Солнце уже высоко стояло в небе.
Князь Василий Прозоровский, не чуя уже совсем нависшей над его головою беды, встал в это утро позднее обыкновенного. Это было весьма естественно, так как князь не спал почти всю ночь. Предупрежденный побег дочери, ее исповедь — все это не могло не отразиться на и без того расшатанных событиями последнего времени нервах старика. Даже продолжительная молитва не успокоила его, и он почти всю ночь пролежал в постели с открытыми глазами, передумывая о прошедшем и с ужасом отгоняя назойливые мысли о мрачном будущем. Вставши с постели, он стал, по обыкновению, ожидать утреннего визита княжны, но проходили часы, а она не являлась. Князь только после тщетного ожидания вспомнил, что он вчера, сдавая ее с рук на руки Панкратьевне, приказал княжне без зова не являться к нему на глаза, и она сидела у себя в светлице, устремив взгляд в одну точку, не обращая внимания на сенных девушек, занятых работою. Перед нею тоже стояли пяльцы, но она и не дотрагивалась до них. В комнате царила какая-то щемящая душу тишина, прерываемая лишь мерным шелестом иголок о канву и стуком чулочных спиц сидевшей на лежанке Панкратьевны. Вдруг какой-то странный шум и лязг оружия донеслись с княжеского двора. Девушки повскакали с мест и подбежали к окнам.

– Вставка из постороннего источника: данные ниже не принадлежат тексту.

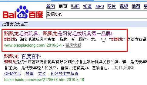 因為淘寶網屏蔽了百度的蜘蛛,所以也就留出了很多的流量給淘寶客們,這部分流量除了淘寶相關的關鍵字外,就是產品名稱的關鍵和網店品牌名的關鍵字,所以一些大品牌的,比如阿芙,飄飄龍,本身就有很多的客戶,很多客戶都是直接在百度找他們,你的博客在流量競爭中就非常具有優勢,博客進行了基本的SEO設置,具體SEO的方法可以參考之前分享的SEO五步走進行。阿芙的博客和飄飄龍的博客在百度的排名都是很高的,關鍵是這些流量轉化為客戶的轉化率也很高。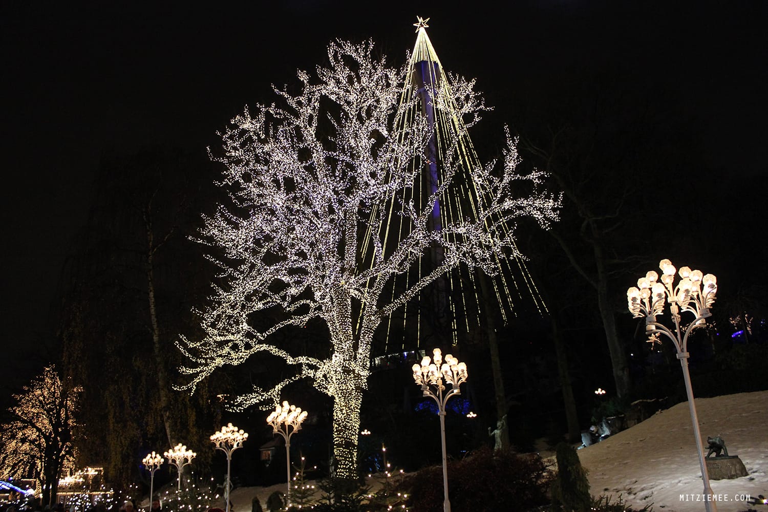 One of Liseberg’s landmarks is the 116-meter high Liseberg Tower. In December, the tower, which is also a really wild free-fall attraction, is decorated with luminous cables, so it looks like a giant Christmas tree.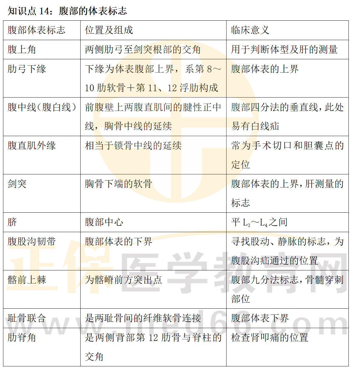 腹部的體表標(biāo)志考點(diǎn)總結(jié)表

— Княжна-голубушка, никак к нам опричники наехали! — воскликнула Маша.
— Опричники! — машинально повторила та.
— Чего вы, бездельницы, от работы отлынивать да по окнам висеть вздумали? — сползла Панкратьевна с ворчаньем с теплой лежанки и в свою очередь направилась к одному из окон.

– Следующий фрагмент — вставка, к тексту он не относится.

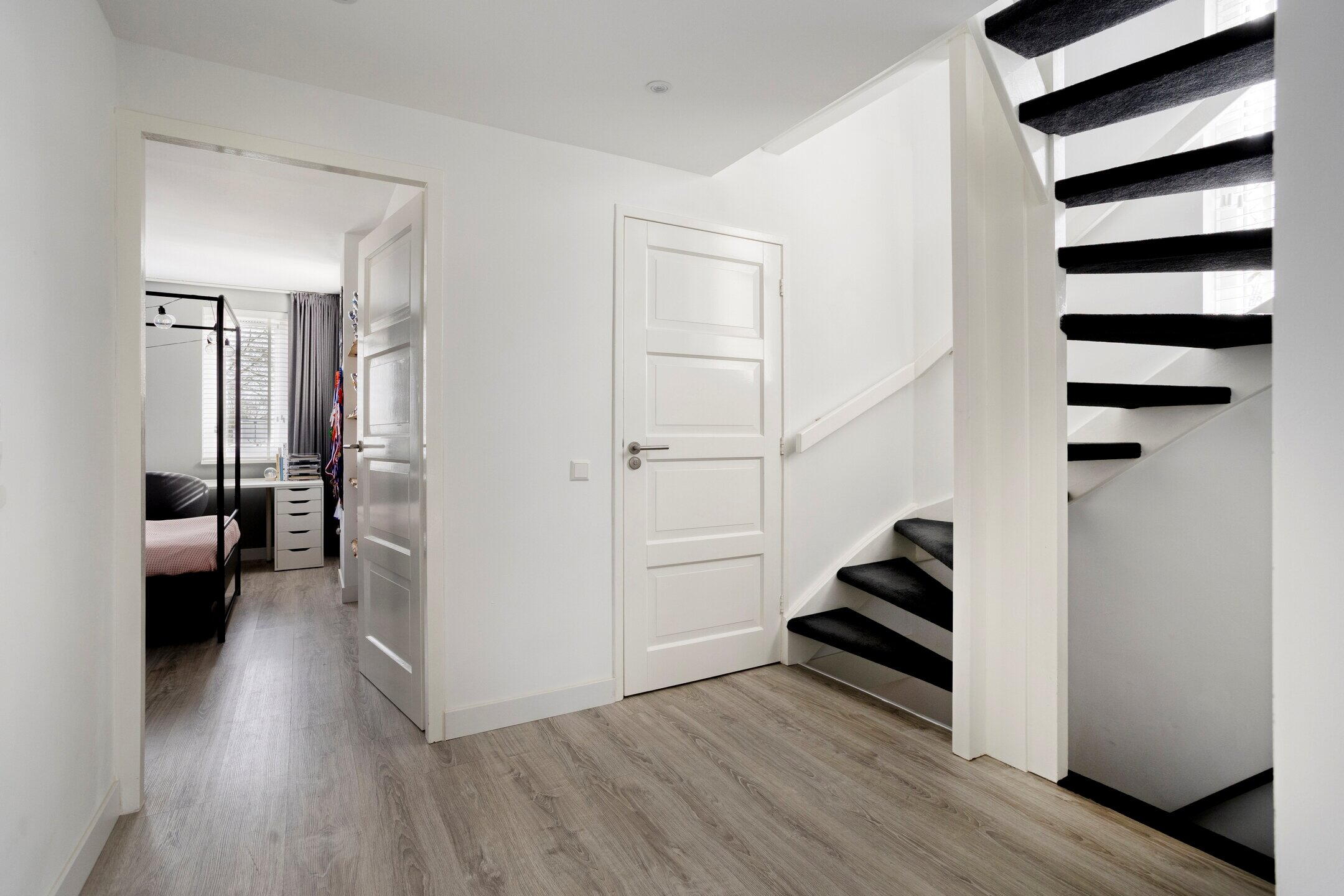 Entree, hal, toilet toegang tot woonkamer, ruime lichte woonkamer met een open keuken in L vorm voorzien van; Koel/vries, inductiekookplaat, combi-oven en afzuigkap. Vanuit de woonkamer kunt u middels een vlizo trap de bergzolder bereiken. Naast de keuken zit de deur naar de ruime slaapkamer welke is voorzien van een inloopdouche en een wastafel meubel. Door het mooie hoge plafond voelt deze ruimte heerlijk aan, de kamer grenst aan de achtertuin dus u wordt heerlijk wakker met het gezang van de vogeltjes. In de gehele woning ligt een nette PVC vloer voorzien van vloerverwarming.

Девушки дали ей дорогу. Княжна по-прежнему сидела неподвижно, видимо, ничуть не обеспокоенная роковым известием, или же не понявшая его. Панкратьевна взглянула в окно и обмерла. Двор был на самом деле полон опричниками. Она потерялась, впрочем, только на минуту. Быстро, насколько позволяли ее старческие силы, выбежала она из комнаты, захлопнула дверь и заперла ее на ключ, так что княжна с девушками оказались запертыми, и поплелась вниз. Тем временем в опочивальню князя Василия вбежал, запыхавшись, с растерянным видом, старик-ключник.
— Что надо? — кинул ему князь, потревоженный среди горьких, томительных дум о будущем своей любимой дочери.
— Беда, князь-батюшка, беда, наехали пристава с опричниками, ключи от амбаров у меня отобрали, шарят, какие-то коренья и зелья ищут.
Князь побледнел и невольно задрожал.
— А есть при них царский указ?
— Не показывали, да, кажись, и нет, так как по приказу Малюты Скуратова, бают они, розыск этот делается.
— Позвать сюда ко мне приставов! — вспыхнул князь Василий. — Я им покажу, как без царского указа бесчинства в боярских домах чинить.
Ключник выбежал исполнить приказание, князь вышел из опочивальни, прошел в передние горницы и появился на крыльце, у которого в этот самый момент сходил с взмыленного коня Григорий Лукьянович, прискакавший прямо из дворца.
— Велением великого государя ты мой пленник! — подошел он к князю Василию.
Тот в упор взглянул на него.
— Да будет воля Божья и государева! Бери меня, подлый холоп! — произнес князь.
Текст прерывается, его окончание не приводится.